**Provided material**
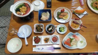 困ったのは夕食。平日の岳温泉では居酒屋以外に夕食を提供している店がありません。自炊用のキッチンはありますがあまり本格的な料理はできないのです。特に水曜日は近所の居酒屋も定休日となるため、1日だけ宿の2500円の夕食を頼みました。朝食は連泊にかかわらず毎日ほぼ同じメニューが続きました。
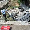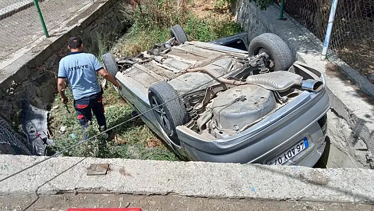 Ağrı'da sürücüsünün direksiyon hakimiyetini kaybettiği araç su giderine düştü.
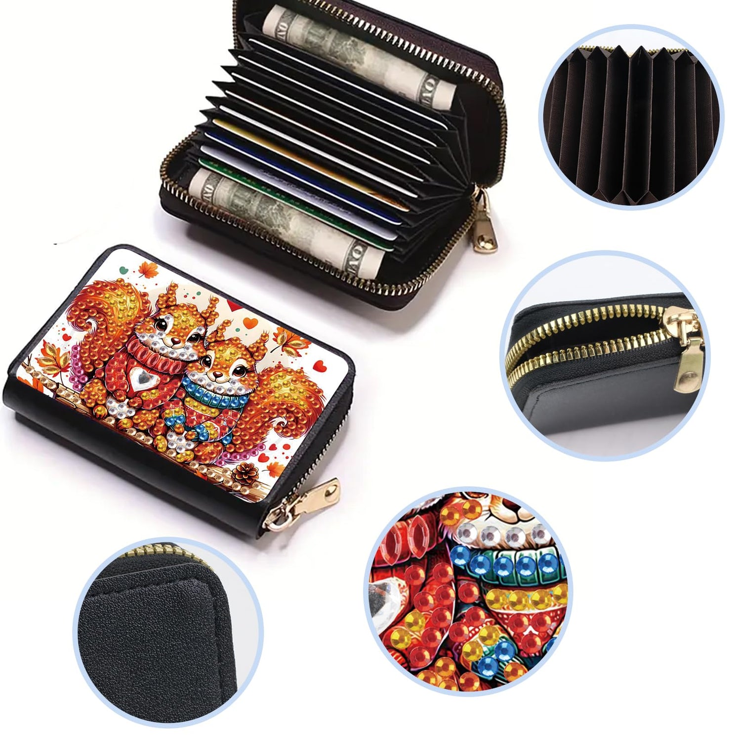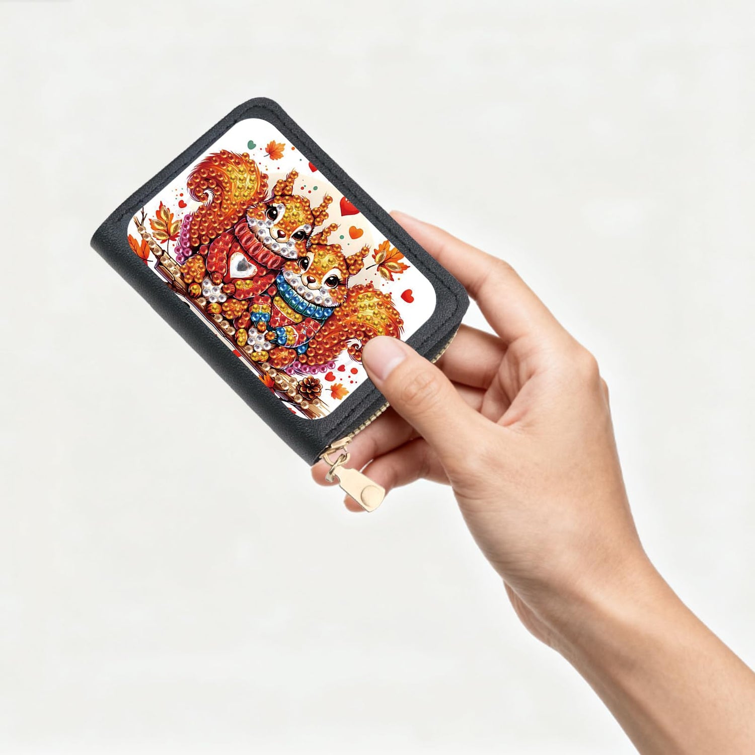 JISHSHAY Diamond Painting Credit Card Holder Squirrel Diamond Art Credit Card Wallet Squirrel Gem Art Wallet Gem Painting Coin Purse Mosaic Kits for Adults Billfold Animal Embroidery Kit Billfold
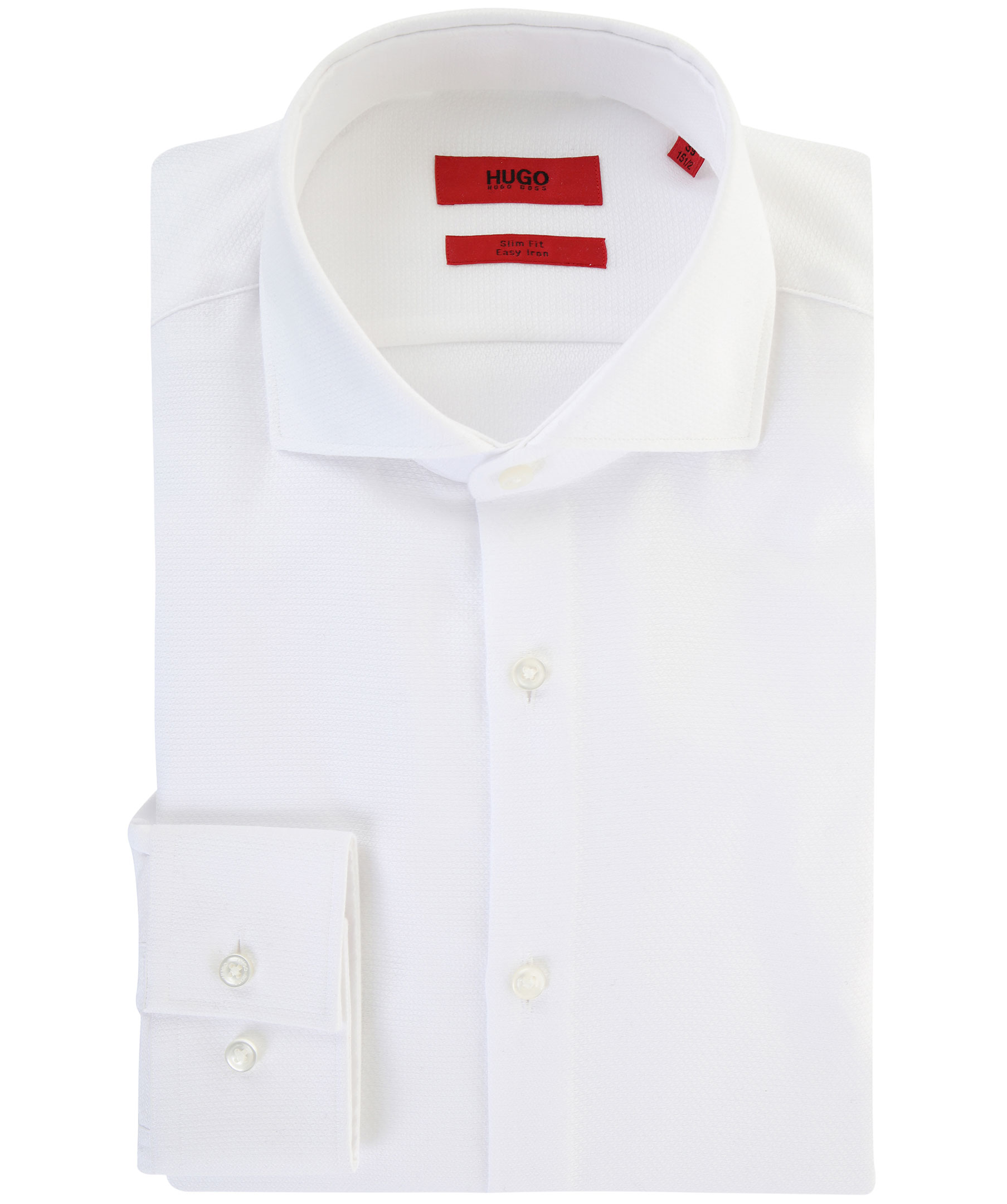 Vit skjorta i slim fit modell från Hugo Boss. Tillverkad i strukturerat, italiensk tyg i 100% bomull. Vid krage och vita knappar.

**Assignment**
Transcribe exactly the span of lines from the line holding "JISHSHAY Diamond Painting" through the last line above, both included. Pictures stay out.

**Answer space**
 JISHSHAY Diamond Painting Credit Card Holder Squirrel Diamond Art Credit Card Wallet Squirrel Gem Art Wallet Gem Painting Coin Purse Mosaic Kits for Adults Billfold Animal Embroidery Kit Billfold
 Vit skjorta i slim fit modell från Hugo Boss. Tillverkad i strukturerat, italiensk tyg i 100% bomull. Vid krage och vita knappar.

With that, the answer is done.